Поскольку санки были всего лишь одни, мы с сестрой часто устраивали драки, самые настоящие, с тяганием за волосы и криками «мама, смотри что он/а делает!!!». В конце концов санки доставались сестре, как старшей и более сильной, и я с завистью глядел как она, оттолкнувшись, слетала вниз. Каждый раз я мысленно желал (и тут же стыдился этого) чтобы санки понесло в сторону и она упала в снег, но этого не происходило.
Тот день был практически таким же, как и все наши предыдущие дни катания с горки. Ближе к концу дня мы с Гердой всегда устраивали догонялки, но она валила меня в снег почти сразу же после старта. Мама продолжала беспокоиться, а я продолжал смеяться.
Смех помогал мне прекратить ее беспокойство. Меня всегда пугало ее настороженно-задумчивое лицо, и я всегда верил, и продолжал верить до последней минуты, что мой смех все исправит, что она не будет беспокоиться и засмеется вместе со мной. Даже когда она пришла ко мне в больницу после пожара я все равно улыбался, улыбался как мог. Но она не улыбалась в ответ.

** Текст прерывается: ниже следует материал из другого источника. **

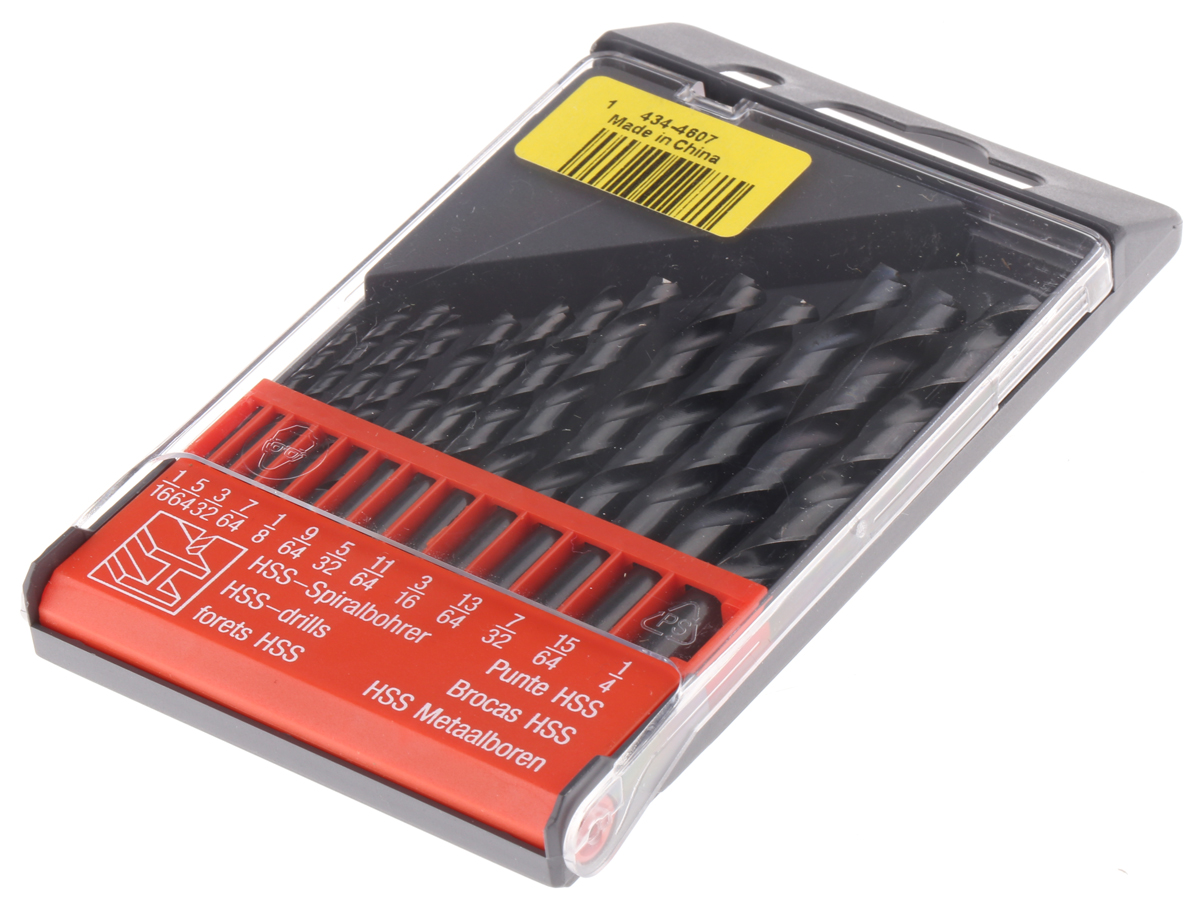 This is HSS 1/16in to 1/4in 13 piece Jobber Drill Set manufactured by RS Pro. The manufacturer part number is 434-4607. The product is made from highly stable and reliable hss.

С сестрой у меня отношения были не слишком хорошие, но так бывает, по-видимому, почти у всех родных братьев и сестер. Она закидывала меня снежками, отбирала санки и пихала в сугробы, и тогда я обижался, по-настоящему, почти по-взрослому, как мне казалось, и пытался не разговаривать с ней, но у меня это редко получалось. Так она меня любила. Не все способны любить и показывать это, ей было куда проще любить и скрывать, что она любила. В будущем я еще не раз встречал подобных людей, и даже сам начал замечать, что скрывать куда проще, потому что нет никаких шансов что твою любовь отвергнут или она просто покажется смехотворной. Кто сможет сделать с ней что-то, если он о ней даже не будет знать? Моя сестра была мастером в подобном. Правда вскоре она, похоже, перестаралась, и уже почти все чувства были скрыты где-то там глубоко. Она ни слова не сказала мне в больнице. И на ее лице не было никаких эмоций. Не думаю, что хоть один человек на Земле мог заставить ее высказаться о своих чувствах. Такая она была, моя сестра. Единственный раз, когда она на моих глазах проявила хоть какие-то эмоции, был в тот самый снежный день, о котором я рассказываю.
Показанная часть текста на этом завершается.